[Problem details]:
Everything in the listing should be copied exactly, save for the pictures.

[Collected data]:
....

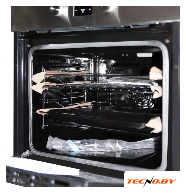 В комплекте с духовкой идут вертел для идеального жаркого, глубокий и стандартный эмалированные противни, а также решетка. Шкаф выполнен в стандартных размерах — высота 59,5 см, глубина 57,5 см, ширина 59,5 см, что облегчает его установку в любой кухонный гарнитур.
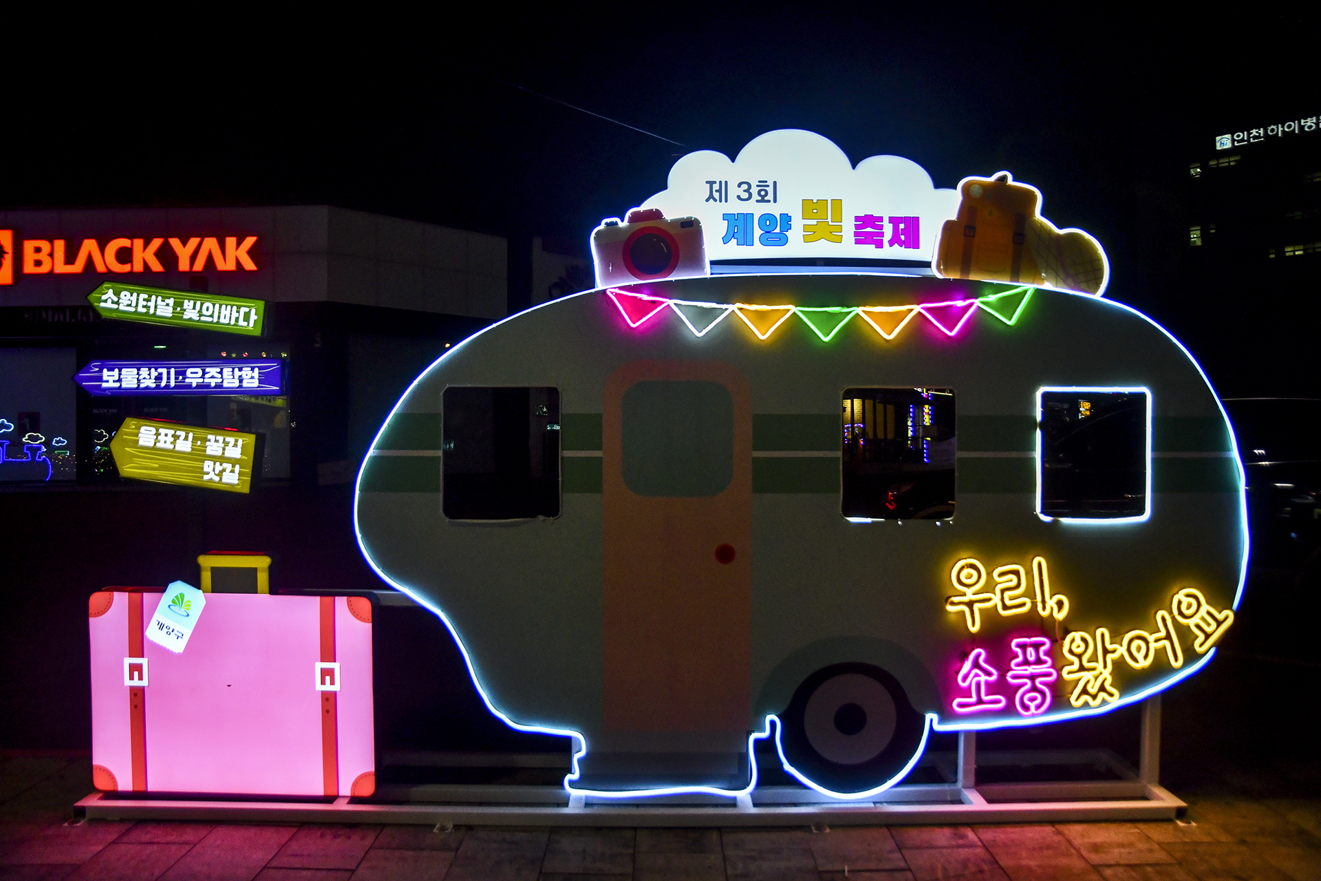 올해로 3회째를 맞이하는 계양 빛축제는 소풍을 주제로 음표길, 꿈길, 우주탐험, 소원터널, 빛의바다 등 다양한 테마로 열린다.
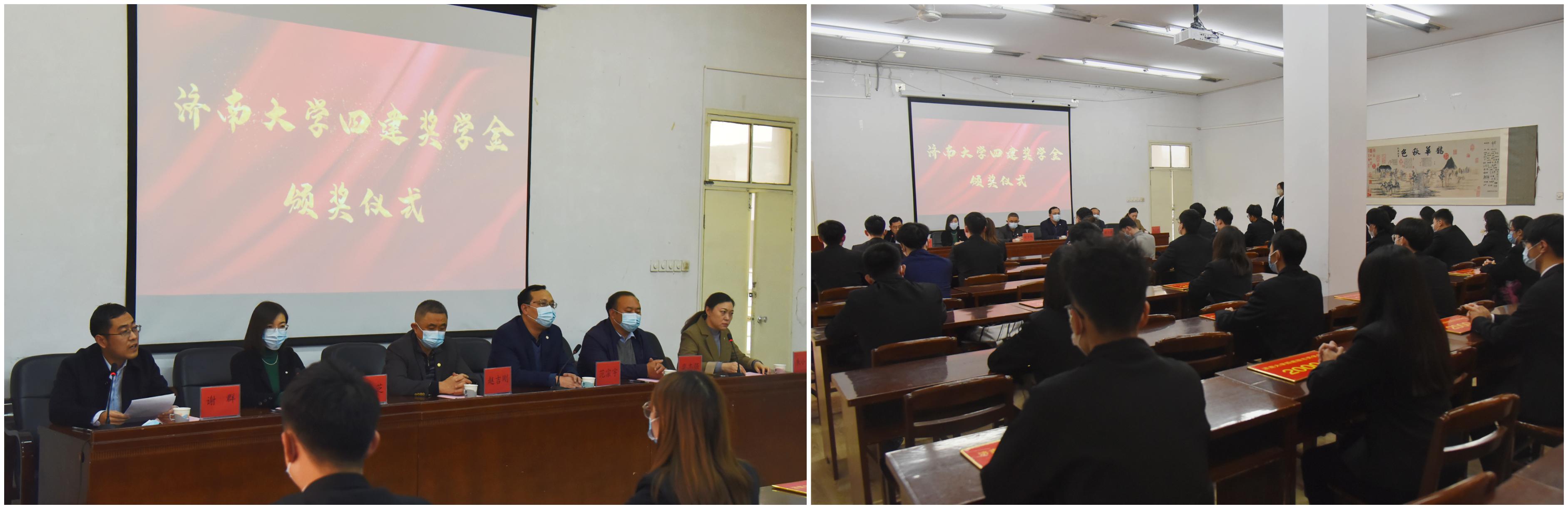11月24日,济南大学四建奖学金颁奖仪式在土木建筑学院举行。出席颁奖仪式的嘉宾有济南四建(集团)有限责任公司党委副书记、纪委书记赵吉刚,人力资源部部长范宗宇,学校党委学生工作部(处)副部(处)长刘芝,土木建筑学院党委书记栾志强,土木建筑学院院长谢群,会议由土木建筑学院党委副书记、副院长朱小燕主持。
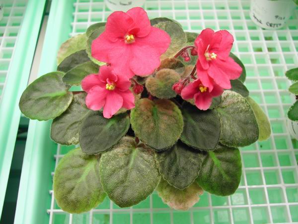 9040,5/31/01,R. Robinson Semidouble dark coral pansy. Crown variegated dark green, white, cream and pink, quilted. Semiminiature. 半重瓣深珊瑚色堇型花。深綠色和白色,奶油色,粉紅色組合成的皇冠狀斑葉,葉脈向上氣狀突起。半迷你型。

....

[Response]:
 В комплекте с духовкой идут вертел для идеального жаркого, глубокий и стандартный эмалированные противни, а также решетка. Шкаф выполнен в стандартных размерах — высота 59,5 см, глубина 57,5 см, ширина 59,5 см, что облегчает его установку в любой кухонный гарнитур.
 올해로 3회째를 맞이하는 계양 빛축제는 소풍을 주제로 음표길, 꿈길, 우주탐험, 소원터널, 빛의바다 등 다양한 테마로 열린다.
11月24日,济南大学四建奖学金颁奖仪式在土木建筑学院举行。出席颁奖仪式的嘉宾有济南四建(集团)有限责任公司党委副书记、纪委书记赵吉刚,人力资源部部长范宗宇,学校党委学生工作部(处)副部(处)长刘芝,土木建筑学院党委书记栾志强,土木建筑学院院长谢群,会议由土木建筑学院党委副书记、副院长朱小燕主持。
 9040,5/31/01,R. Robinson Semidouble dark coral pansy. Crown variegated dark green, white, cream and pink, quilted. Semiminiature. 半重瓣深珊瑚色堇型花。深綠色和白色,奶油色,粉紅色組合成的皇冠狀斑葉,葉脈向上氣狀突起。半迷你型。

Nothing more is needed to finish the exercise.